1 MRC Biostatistics Unit, Institute of Public Health, Cambridge, UK.
2 School of Social and Community Medicine, University of Bristol, Bristol, UK.
Stat Methods Med Res. 2018 Jun;27(6):1603-1614. doi: 10.1177/0962280216665872. Epub 2016 Sep 5.
Estimating the parameters of a regression model of interest is complicated by missing data on the variables in that model. Multiple imputation is commonly used to handle these missing data. Joint model multiple imputation and full-conditional specification multiple imputation are known to yield imputed data with the same asymptotic distribution when the conditional models of full-conditional specification are compatible with that joint model. We show that this asymptotic equivalence of imputation distributions does not imply that joint model multiple imputation and full-conditional specification multiple imputation will also yield asymptotically equally efficient inference about the parameters of the model of interest, nor that they will be equally robust to misspecification of the joint model. When the conditional models used by full-conditional specification multiple imputation are linear, logistic and multinomial regressions, these are compatible with a restricted general location joint model. We show that multiple imputation using the restricted general location joint model can be substantially more asymptotically efficient than full-conditional specification multiple imputation, but this typically requires very strong associations between variables. When associations are weaker, the efficiency gain is small. Moreover, full-conditional specification multiple imputation is shown to be potentially much more robust than joint model multiple imputation using the restricted general location model to mispecification of that model when there is substantial missingness in the outcome variable.

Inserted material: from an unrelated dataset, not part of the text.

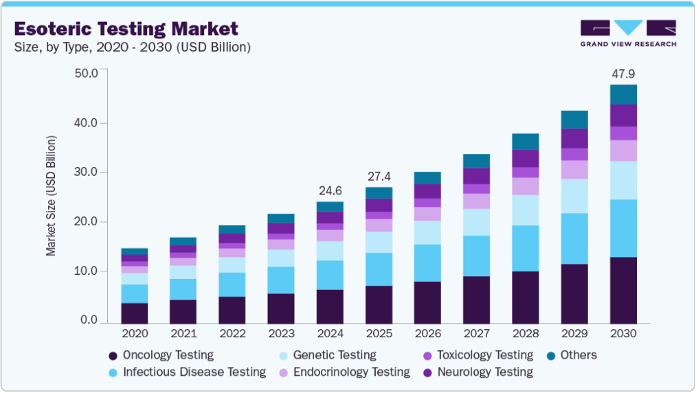 【英語タイトル】Esoteric Testing Market (2025 - 2030)Size, Share & Trends Analysis Report By Type (Oncology Testing, Infectious Disease Testing, Infectious Genetic Testing), By Technology, By End Use (Hospital-based Laboratories) By Region, And Segment Forecasts
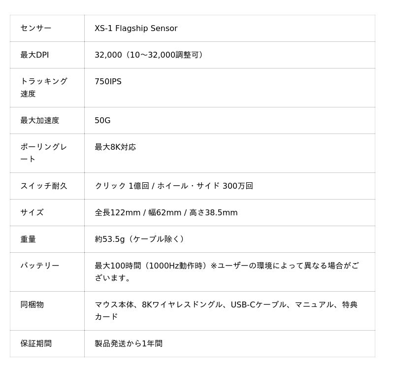 ・Pulsar Gaming Gearsが独自開発した「XS-1センサー」搭載(最大32,000DPI / 750IPS / 50G加速度対応)

当模型中的变量存在缺失数据时,估计感兴趣的回归模型的参数会变得复杂。常用的处理方法是多重插补。当全条件指定模型的条件模型与联合模型兼容时,已知联合模型多重插补和全条件指定多重插补会产生具有相同渐近分布的插补数据。我们表明,这种插补分布的渐近等价性并不意味着联合模型多重插补和全条件指定多重插补也将对感兴趣的模型参数进行渐近等效的推断,也不意味着它们对联合模型的指定不匹配具有相同的稳健性。当全条件指定多重插补使用的条件模型是线性、逻辑和多项回归时,这些与受限广义位置联合模型兼容。我们表明,使用受限广义位置联合模型进行多重插补可以在渐近效率上大大优于全条件指定多重插补,但这通常需要变量之间非常强的关联。当关联较弱时,效率增益很小。此外,当因变量存在大量缺失值时,全条件指定多重插补显示出比使用受限广义位置模型的联合模型多重插补具有更大的潜在稳健性。